Hugh Jackman vive Valjean, obviamente, em teoria a voz do protagonista de um musical deveria ser a mais perfeita possível, é um fato que Jackman não possui a voz mais perfeita do elenco masculino, em teoria, mas para o filme sua voz, rouca e triste caiu como uma luva para o personagem, além disso, nos momentos iniciais, Jackman aparece como um homem com medo e apavorado, depois, quando Jean começa a criar Cosette e até sua morte, ele se torna um homem bom, gentil e feliz. Russell Crowe, a melhor voz masculina do elenco, é o Inspetor Javert, um homem misterioso que parece esconder inúmeros segredos acerca de sua vida passada, ainda sim, parece que ela não foi fácil, pois é rancoroso e as feições do ator denotam a criação de um personagem com poucos sentimentos, ainda sim, não devemos esquecer que, durante a trama, o inspetor apenas está realizando seu trabalho. Anne Hathayway é Fantine, com disse, ela canta chorando, dança, sofre, corta os cabelos, vive longe da filha, se sacrifica por amor e acaba morrendo como mais uma das tantas miseráveis, apesar de aparecer pouco, confesso que poucas vezes assisti a uma interpretação tão bela de uma música como a sua principal canção no longa, e a maior canção da história: "I Dreamed a Dream". Amanda Seyfried e Isabelle Allen são Cosette adulta e criança, respectivamente, o pouco que Allen canta é quase inacreditável, e parece que a pequena de dez anos já compreende tudo o que se passa na vida da personagem, Seyfried, por sua vez, acaba sendo menos tocante, pois suas cenas são mais felizes, mas, ainda sim, sua voz continua linda e sua atuação também é ótima. Sacha Baron Cohen e Helena Boham Carter são os reais vilões da história, os Thénardier, sempre digo – e quando digo que faço isso sempre, é porque faço isso sempre – que os vilões atingem seu auge quando nos apaixonamos por eles, ou os compreendemos por completo, ou os odiamos a ponto de sentirmos asco deles, esse dois estão na terceira categoria, são rancorosos, perversos e só pensam em seu bem e no de mais ninguém, portanto, perfeitos vilões.
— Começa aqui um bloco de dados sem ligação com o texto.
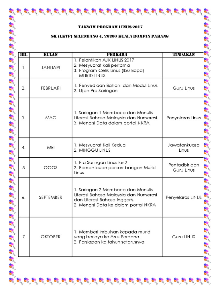 Mohon penyelaras mengemaskini data saringan 1 mengikut tempoh yang ditetapkan. Borang kehadiran murid ke hoki mini olimpik 2017 2. Kepada guru besar pengisian linus untuk saringan 2 akan bermula dari 12 24 julai 2010. Data hendaklah diisi mengikut jumlah murid bagi setiap kelas dalam aliran tahun 1 walaupun semuanya telah berada di aliran perdana bukan hanya yang mengambil saringan 2.
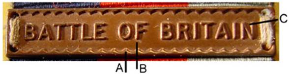 Figure 2. A modern copy Battle of Britain clasp. Note the difference in lettering, the 'O' and the 'A' in particular, and the more cramped letter spacing. Note where the lettering falls in relation to the semi-circles along the edge fringe - the B starts, and the N ends, below a point in the copy (indicated by line from A), but not on the original. The holes on this copy are accurately positioned in the corners and have been drilled, some burring can be felt on the reverse of the clasp. The metal on this one lacks the dull chocolate colour of the original. Hard to see on these images, but the lettering is also deeper on the original.
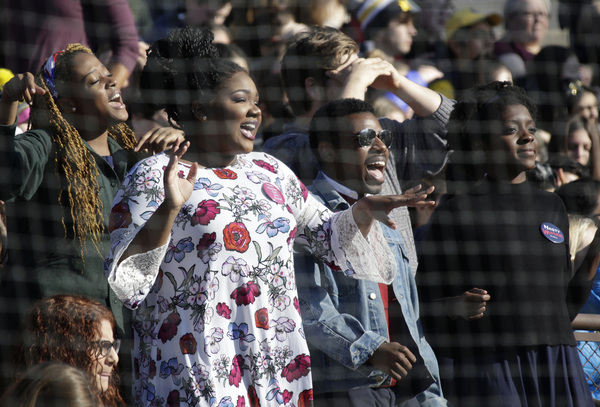Appearing in his role as motivator-in-chief, hoping for a successor who doesn't try to undo policies of his eight years as president, Obama alternately entertained, lectured and cajoled a young and diverse crowd of 4,500 at the Florida International University basketball arena.
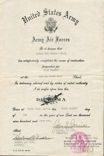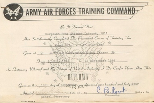 Diplomes : Pilot Training - Qualification 1rst Pilot (Army Air Force Training Command).
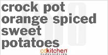 | Crock Pot Orange-Spiced Sweet Potatoes Recipe | CDKitchen.com butter, pecan, vanilla extract, nutmeg, cinnamon, orange, sweet potato, salt, brown sugar A 5-star recipe for Orange-Spiced Sweet Potatoes made in the crock pot made with sweet potatoes, brown sugar, butter, ground cinnamon, ground nutmeg, orange, salt Place sweet potatoes in bottom of slo...
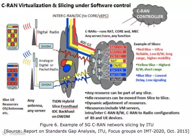 现在,我们来到前传部分。如何完成5G 射频单元(RU)与边缘云之间(前传)部分的切片?首先需要定义5G前传的标准,目前并没有统一的标准。下图是国际电信联盟(ITU)5G移动通信标准研究小组(Focus Group on IMT-2020)曾提出的一个虚拟化前传的结构图,有兴趣可以看看:
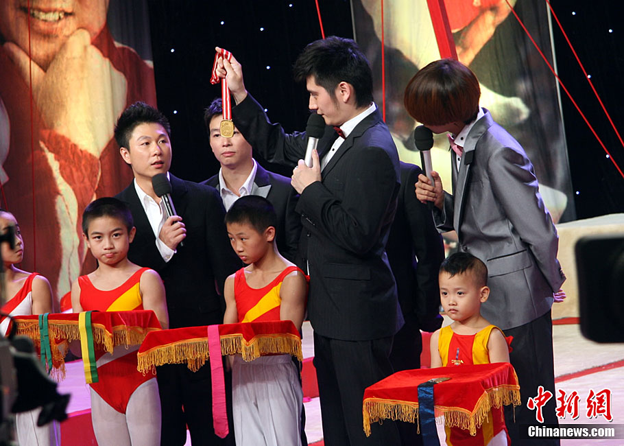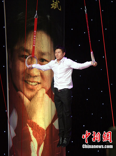 9月1日晚,体操名将李小鹏来到湖南卫视录制退役晚会,向喜欢自己的体操迷们告别。晚会上,中国体操队总教练黄玉斌、体操名将李宁、李小双、杨威、黄旭等体操名将与李小鹏一起回顾了其体操生涯。邓霞 摄
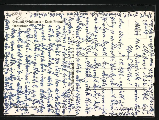 Personenbezogene Daten auf der Rückseite der Karte wurden durch blauen Textmarker unkenntlich gemacht. Die blauen Stellen sind auf die Vorderseite durchgeweicht und wirken sich negativ auf das Postkartenfoto aus
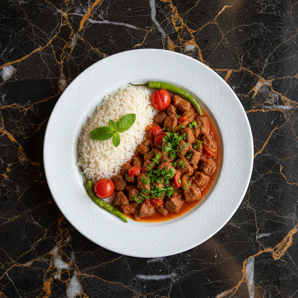 A classic Turkish comfort food, Et Sote features tender cubes of beef sautรฉed with vibrant bell peppers and juicy tomatoes in a rich, savory tomato-based sauce. This dish is known for its simplicity and deeply satisfying flavors.
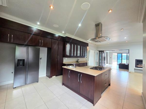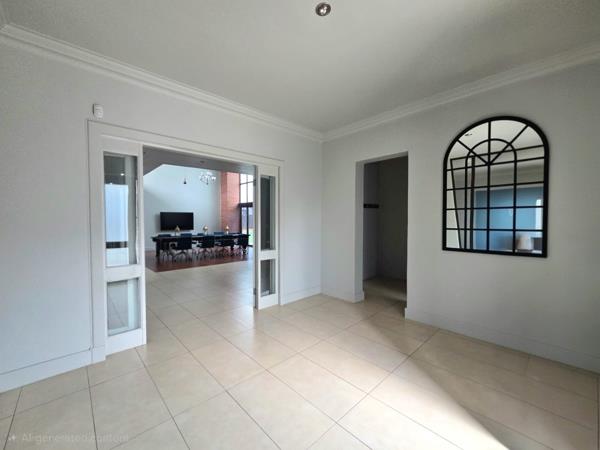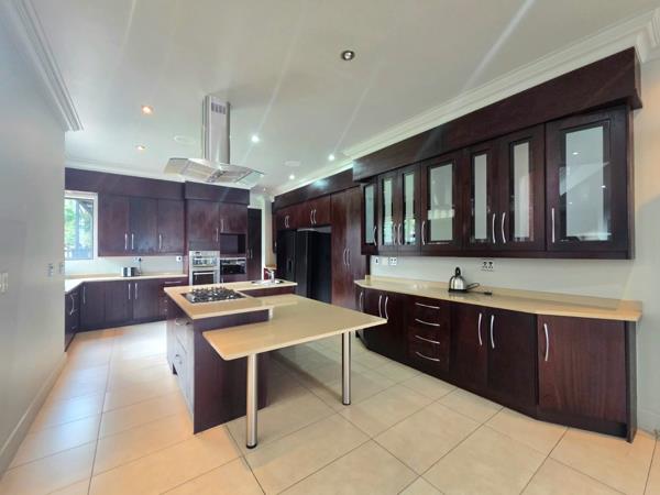 Step inside to a world of refined comfort. The home boasts an inviting entrance hall, two spacious lounges, and two elegant dining rooms, all designed with an open-plan layout. The well-appointed kitchen is ideal for culinary pursuits, complemented by a built-in bar for entertaining and a built-in braai for outdoor gatherings. Air conditioning ensures comfort throughout.

Toda a arte do filme e sua criação em si é uma obra tão bela a arriscada que é triste não ver Tom Hooper indicado ao Oscar por sua direção brilhante – lembrando que ele venceu a premiação na mesma categoria, além de melhor filme, com “O Discurso do Rei (2010) -, ainda mais lembrando de sua indicação no Sindicato dos Diretores, entretanto, tal fato não faz com que “Os Miseráveis” se torne digno de pena ou não mereça ser visto, muito pelo contrário, o filme é de uma beleza única, tanto o é que se torna impossível achar muitos defeitos, que não o fato de ser demasiadamente longo. Apesar de parecer uma adaptação da Broadway que apenas deseja ganhar dinheiro, “Os Miseráveis” vai muito além disso, ele retoma tudo o que a obra literária desejou repassar ao mundo. No final das contas, esse filme nada mais é que uma apelação positiva sobre como devemos aceitar as diferenças, pois, não importa se somos homens ou mulheres, pretos ou brancos, heterossexuais ou homossexuais, pobres ou ricos, americanos ou europeus, feios ou belos, somos todos iguais, viemos todos de lugares semelhantes, iremos todos para o mesmo lugar, afinal, mesmo com todas as evoluções e utópicas transformações ocorridas durante a história de nossa humanidade, somos todos eternos incorrigíveis miseráveis, aos resta, apenas, lutar, sonhar, esperar e amar.